The present case, we think, is clearly ruled by' the principle announced in Rivera v. White, 94 Tex. 538, 63 S. W. 125. That case, like the present, was one in which a trust' was sought to be ingrafted upon an absolute deed which had been executed for the sole purpose of defeating the collection of what the grantor believed or feared was an enforceable claim against the property conveyed. The only distinction between that case and the one at bar is that in the former the grantor thought or feared there was an existing debt or claim, which in fact did not exist; whereas, in the instant ease the grantor erroneously believed or feared that the property conveyed might be legally subjected to the payment of debts as to the existence of which there was no dispute. In that case the suit was by the grantor to establish the trust and recover back the property.

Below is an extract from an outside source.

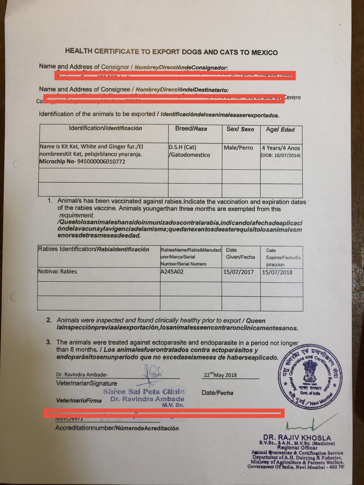 We actually didn’t even need microchips to move our pets to Mexico. We also knew we didn’t need a rabies titer for Mexico, yet he told us he had someone flying to Europe tomorrow and we should send the blood just in case – just a casual 14k rupees per pet for an unnecessary rabies titers. We declined.

“A recovery was denied him in the district court and Court of Civil Appeals, the latter court basing its decision upon the proposition that the deed was binding upon him and that the trust could not be enforced because of his intent, with which the deed was made, to defraud his wife of her alimony.”

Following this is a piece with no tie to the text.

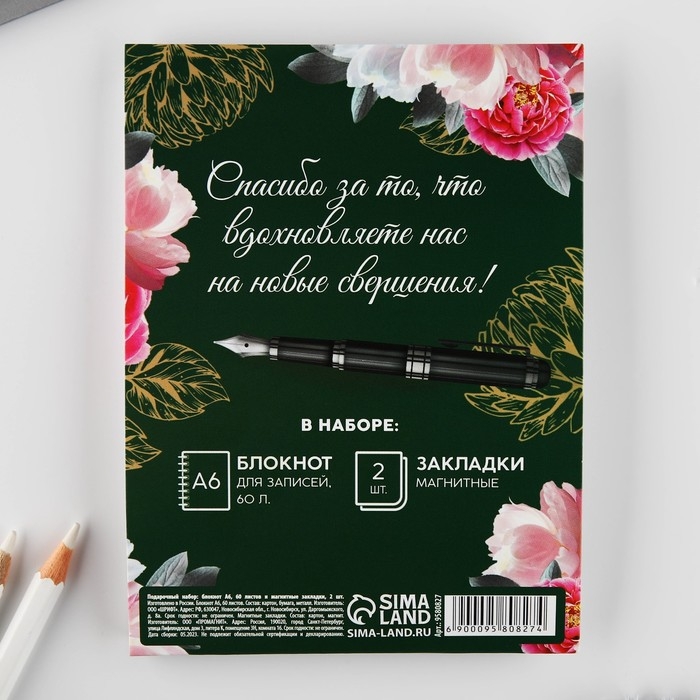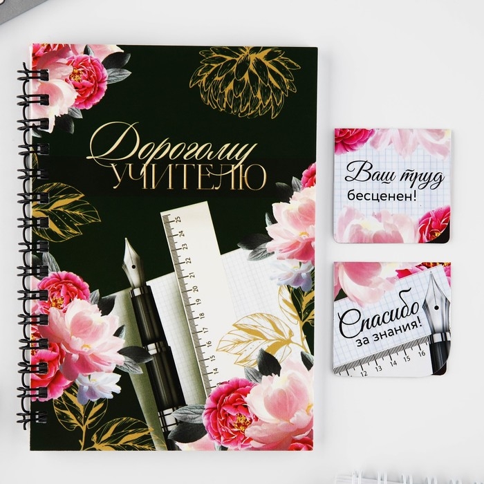 Подарочный набор: блокнот А6, 60 листов и магнитные закладки 2 шт «Дорогому учителю»

*1025The opposite conclusion was reached by the Supreme Court. We quote; from the opinion which was written by Associate Justice Williams:

“The statute of frauds, for the protection of creditors, makes void all conveyances of property made by their debtors with intent to defraud them, and, in order to carry out its policy and deter debtors from such attempts to put their property beyond the reach of creditors and, at the same time, secure to themselves the enjoyment of it by secret arrangements with those to whom it is apparently conveyed, the statute makes such conveyances valid and binding between the parties; and courts, in furtherance of this policy, refuse to give any relief against such conveyances and to enforce any agreements or trusts growing out of them. But the statute applies only to conveyances made by debtors, and it is therefore only to these that such consequences should attach. The statute does not prohibit conveyances by persons who are not indebted, and no policy of the law is thwarted by a mere motive which can not work injury to creditors. Ellis v. Valentine, 65 Texas, 547. The motive with which such a conveyance is made and the fears by which it is prompted are of no importance unless there are creditors to be protected by the statute. When the statute does not apply to the case, there is nothing to prevent the court from enforcing the rights of the parties as they are fixed by their agreements. That a conveyance upon a trust, such as that shown by the evidence, constitutes the cestui que trust the equitable. owner of the property is not to be disputed, unless the motive with which the deed is made vitiates the trust; and, we think, the law has no concern with the futile intent to protect the property from a claim which its owner fears may be asserted against him, but which is never asserted and does not exist. The law of this state does not entitle the wife, suing for divorce, to alimony as a matter of course, and there is no evidence that the law in Illinois is different. Rev. Stats, art. 2S08; Wright v. Wright, 6 Texas, 29. The facts of the case are, therefore, not such as to preclude plaintiff from enforcing the trust upon which the conveyance was made.” (Italics ours.)

If the motive with which a conveyance is made and the fears prompting it are of no importance where there are in fact no creditors, then the same motive and fears are equally unimportant where there is no property in fact subject to the claims of creditors embraced in the conveyance. The analogy between the two cases is so plain and simple that it needs only to be stated,

We conclude that the judgment of the Court of Civil Appeals should be reversed, and that of the district court affirmed.

CURETON, C. J.

The judgment recommended in the report of the Commission of Appeals is adopted and will be entered as the judgment of the Supreme Court.